1 Opnieuw sloeg ik mijn ogen op en zag, en zie, er was een Man met een meetsnoer in Zijn hand.
2 Toen zei ik: Waar gaat U heen? Hij zei tegen mij: Ik ga Jeruzalem opmeten om te zien hoe groot zijn breedte en hoe groot zijn lengte zal zijn.
3 En zie, de Engel Die met mij sprak, trad naar voren en een andere engel trad Hem tegemoet.
4 En Hij zei tegen hem: Loop snel, spreek tot die jongeman en zeg: Jeruzalem zal niet ommuurd blijven, vanwege de veelheid aan mensen en dieren in haar midden.
5 En Ík zal voor haar zijn, spreekt de HEERE, een muur van vuur rondom, en Ik zal in haar midden tot heerlijkheid zijn.
6 O, o, vlucht dan uit het land van het noorden! spreekt de HEERE, want Ik heb u verspreid over de vier windstreken van de hemel, spreekt de HEERE.
7 O, Sion! Zie te ontkomen, u die woont bij de dochter van Babel!
8 Want zo zegt de HEERE van de legermachten: Nadat Hij heerlijkheid heeft beloofd, heeft Hij mij gezonden tot die heidenvolken die u beroven, want wie u aanraakt, raakt Zijn oogappel aan.
9 Want, zie, Ik beweeg Mijn hand over hen en zij zullen hun dienaren tot buit worden. Dan zult u weten dat de HEERE van de legermachten mij gezonden heeft.
10 Juich en verblijd u, dochter van Sion, want, zie, Ik kom, en zal in uw midden wonen, spreekt de HEERE.

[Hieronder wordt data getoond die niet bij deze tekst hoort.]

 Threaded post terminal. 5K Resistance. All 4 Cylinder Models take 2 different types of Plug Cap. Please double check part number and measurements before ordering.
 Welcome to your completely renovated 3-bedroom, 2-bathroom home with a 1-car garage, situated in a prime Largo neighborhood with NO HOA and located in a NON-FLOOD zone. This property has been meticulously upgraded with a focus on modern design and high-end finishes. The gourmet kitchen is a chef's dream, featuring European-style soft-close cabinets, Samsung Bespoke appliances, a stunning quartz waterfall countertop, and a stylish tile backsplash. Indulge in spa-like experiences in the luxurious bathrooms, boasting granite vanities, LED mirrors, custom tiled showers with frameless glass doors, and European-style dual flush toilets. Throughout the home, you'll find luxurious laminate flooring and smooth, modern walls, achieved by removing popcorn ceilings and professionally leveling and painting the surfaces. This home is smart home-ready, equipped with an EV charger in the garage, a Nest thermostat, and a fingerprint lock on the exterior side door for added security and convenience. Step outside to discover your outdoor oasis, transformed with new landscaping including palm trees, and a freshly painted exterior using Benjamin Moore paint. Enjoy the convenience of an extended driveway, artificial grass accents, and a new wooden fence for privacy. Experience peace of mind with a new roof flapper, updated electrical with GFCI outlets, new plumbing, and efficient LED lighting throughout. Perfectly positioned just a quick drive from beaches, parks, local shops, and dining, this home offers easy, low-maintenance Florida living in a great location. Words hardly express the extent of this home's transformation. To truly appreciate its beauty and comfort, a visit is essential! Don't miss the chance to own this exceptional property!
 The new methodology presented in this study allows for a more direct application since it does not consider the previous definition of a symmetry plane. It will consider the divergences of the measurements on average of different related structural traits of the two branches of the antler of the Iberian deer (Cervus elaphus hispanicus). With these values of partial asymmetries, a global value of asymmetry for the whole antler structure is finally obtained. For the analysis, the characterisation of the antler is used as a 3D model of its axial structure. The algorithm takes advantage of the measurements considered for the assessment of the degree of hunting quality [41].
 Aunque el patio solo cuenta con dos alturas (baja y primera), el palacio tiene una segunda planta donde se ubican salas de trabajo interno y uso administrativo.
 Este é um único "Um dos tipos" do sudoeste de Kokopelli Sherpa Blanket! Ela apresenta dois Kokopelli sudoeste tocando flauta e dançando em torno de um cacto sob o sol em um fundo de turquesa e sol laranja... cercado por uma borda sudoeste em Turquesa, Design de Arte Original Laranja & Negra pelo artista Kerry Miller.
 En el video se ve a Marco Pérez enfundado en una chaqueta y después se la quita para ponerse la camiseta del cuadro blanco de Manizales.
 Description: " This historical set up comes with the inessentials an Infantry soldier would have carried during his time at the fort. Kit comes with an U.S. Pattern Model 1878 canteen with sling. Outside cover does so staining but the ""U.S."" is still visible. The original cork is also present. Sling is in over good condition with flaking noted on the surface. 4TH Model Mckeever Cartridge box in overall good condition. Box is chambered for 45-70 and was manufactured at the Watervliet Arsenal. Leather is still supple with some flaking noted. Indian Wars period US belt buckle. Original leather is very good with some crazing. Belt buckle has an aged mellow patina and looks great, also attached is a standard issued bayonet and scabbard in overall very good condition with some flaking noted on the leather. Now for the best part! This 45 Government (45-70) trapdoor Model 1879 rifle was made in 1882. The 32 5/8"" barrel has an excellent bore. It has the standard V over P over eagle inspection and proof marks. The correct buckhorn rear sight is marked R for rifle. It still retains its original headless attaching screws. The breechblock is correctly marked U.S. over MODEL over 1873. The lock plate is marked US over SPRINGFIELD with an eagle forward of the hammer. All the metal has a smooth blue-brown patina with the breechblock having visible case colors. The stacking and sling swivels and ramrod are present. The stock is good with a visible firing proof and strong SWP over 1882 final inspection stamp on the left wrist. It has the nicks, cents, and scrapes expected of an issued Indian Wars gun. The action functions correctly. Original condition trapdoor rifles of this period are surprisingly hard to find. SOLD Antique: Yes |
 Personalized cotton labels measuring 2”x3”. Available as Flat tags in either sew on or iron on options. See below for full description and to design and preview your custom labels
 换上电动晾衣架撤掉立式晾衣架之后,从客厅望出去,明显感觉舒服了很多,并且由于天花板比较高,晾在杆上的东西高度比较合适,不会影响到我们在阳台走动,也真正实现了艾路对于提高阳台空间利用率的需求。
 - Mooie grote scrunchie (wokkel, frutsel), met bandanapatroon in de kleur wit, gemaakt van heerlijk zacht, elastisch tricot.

11 Veel heidenvolken zullen op die dag bij de HEERE gevoegd worden en zij zullen Mij tot een volk zijn, en Ik zal in uw midden wonen. Dan zult u weten dat de HEERE van de legermachten Mij tot u gezonden heeft.
12 De HEERE zal Juda in eigendom nemen als Zijn deel in het heilige land. Hij zal Jeruzalem nog verkiezen.
13 Wees stil voor het aangezicht van de HEERE, alle vlees, want Hij is ontwaakt uit Zijn heilige woning.